2. The method of claim 1, wherein the CWT FL process comprises:

ordering the plurality of clients to yield an ordered list of clients;

forming an expanded ordered list of clients by repeating the ordered list of clients for a predetermined number of times;

repeating a subprocess of fine-tuning the local ML model of a currently-selected client until a predetermined convergence condition of respective local ML models of the plurality of clients is met or until respective clients sequentially arranged according to the expanded ordered list of clients have been used as the currently-selected client in running the subprocess, wherein the subprocess comprises:

fine-tuning the local ML model of the currently-selected client with a corresponding instant plurality of training data owned by the currently-selected client;

identifying a next client from the expanded ordered list of clients such that the next client becomes the currently-selected client in a next execution of the subprocess; and

if the next client is identifiable, then after the local ML model of the currently-selected client is fine-tuned, replacing the local ML model of the next client with the local ML model of the currently-selected client such that the corresponding instant plurality of training data owned by the currently-selected client is utilized to update the local ML model of the next client but is not revealed to the next client;

and

updating the respective local ML models of the plurality of clients with the local ML model of the currently-selected client used in a last execution of the subprocess.

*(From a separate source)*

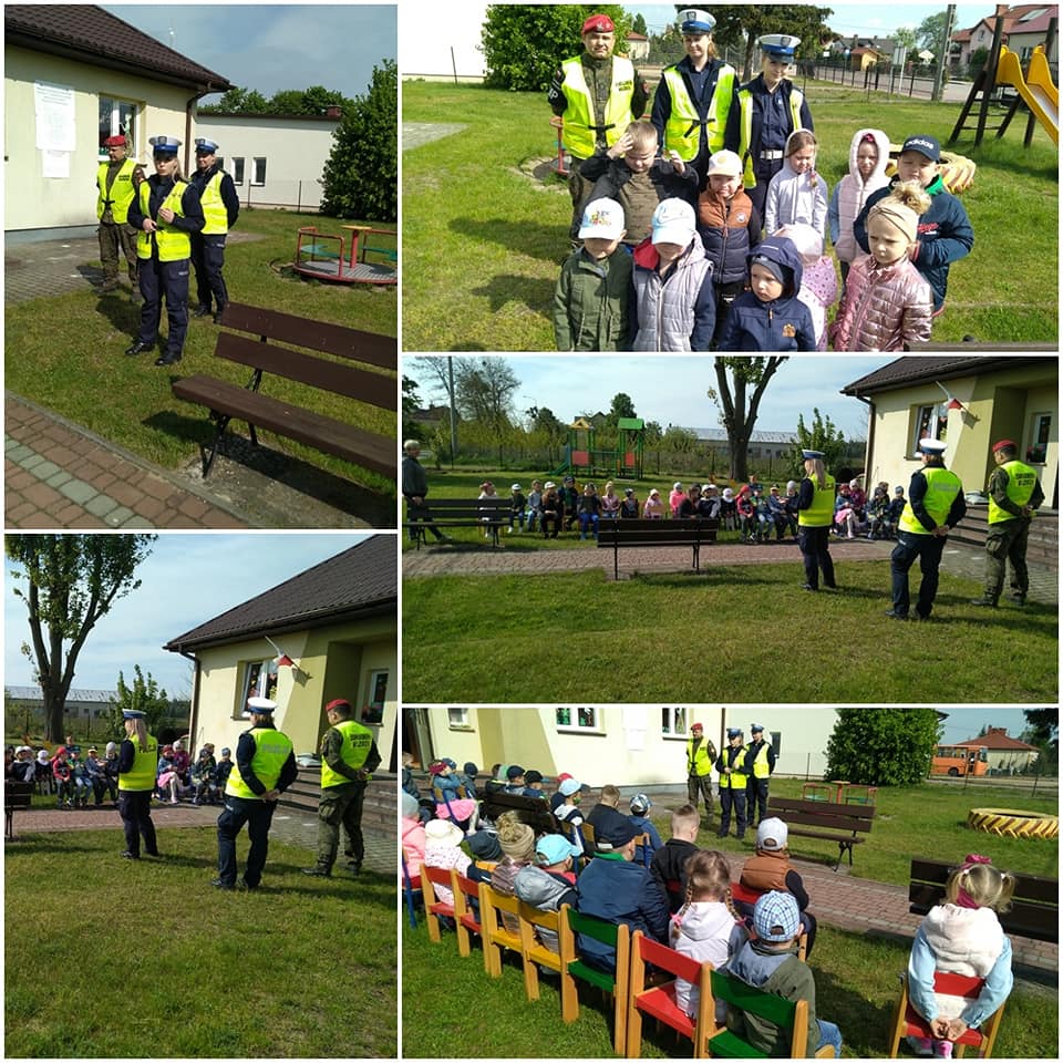 W piątek, 21 maja w przedszkolu w Starej Krępie zjawili się policjanci, a raczej policjantki w niezwykłym towarzystwie żandarma wojskowego. Opowiadały one o bezpieczeństwie na drodze, jak należy się zachowywać, podkreśliły jak ważne są odblaski i w jaki sposób przechodzić przez jezdnię. Dzieci w podziękowaniu podarowały gościom laurkę i zaśpiewały piosenkę.

3. The method of claim 2, wherein:

the ML model includes first and second pluralities of model parameters for configuring the ML model, causing the local ML model of the individual client to be configured by corresponding first and second pluralities of model parameters of the individual client;

the corresponding first plurality of model parameters of the individual client is fixed during executing the CWT FL process while the corresponding second plurality of model parameters of the individual client is adjustable for fine-tuning the local ML model of the individual client in the CWT FL process; and

the replacing of the local ML model of the next client with the local ML model of the currently-selected client in executing the subprocess includes overwriting the corresponding second plurality of model parameters in the local ML model of the next client with the corresponding second plurality of model parameters in the local ML model of the currently-selected client so as to replace the local ML model of the next client with the local ML model of the currently-selected client.

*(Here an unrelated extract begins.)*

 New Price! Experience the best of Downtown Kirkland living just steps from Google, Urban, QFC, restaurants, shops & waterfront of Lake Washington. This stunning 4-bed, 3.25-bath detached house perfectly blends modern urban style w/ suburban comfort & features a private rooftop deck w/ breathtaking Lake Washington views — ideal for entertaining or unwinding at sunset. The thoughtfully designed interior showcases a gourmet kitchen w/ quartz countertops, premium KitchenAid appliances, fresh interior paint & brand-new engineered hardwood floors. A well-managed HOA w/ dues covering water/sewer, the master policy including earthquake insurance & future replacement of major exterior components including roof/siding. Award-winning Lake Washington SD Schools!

4. The method of claim 3, wherein the first plurality of model parameters configures the ML model to identify edges and shapes of the anti-counterfeiting QR code.

5. The method of claim 1, wherein a corresponding instant plurality of training data owned by the individual client is generated according to authentication results obtained form using the local ML model of the individual client to authenticate QR-code images received by the individual client.

6. The method of claim 1, wherein the CWT FL process is repeated from time to time for regularly updating the respective local ML models.

7. The method of claim 1, wherein the Vision Transformer-based model is selected to be a ViT(S) model.

8. The method of claim 1, wherein:

the ML model is stored in a server that serves the plurality of clients; and

the CWT FL process further comprises updating the ML model with the local ML model of the currently-selected client used in the last execution of the subprocess to thereby allow the server to initialize a new local ML model of a new client with the updated ML model when the server adds the new client to the plurality of clients.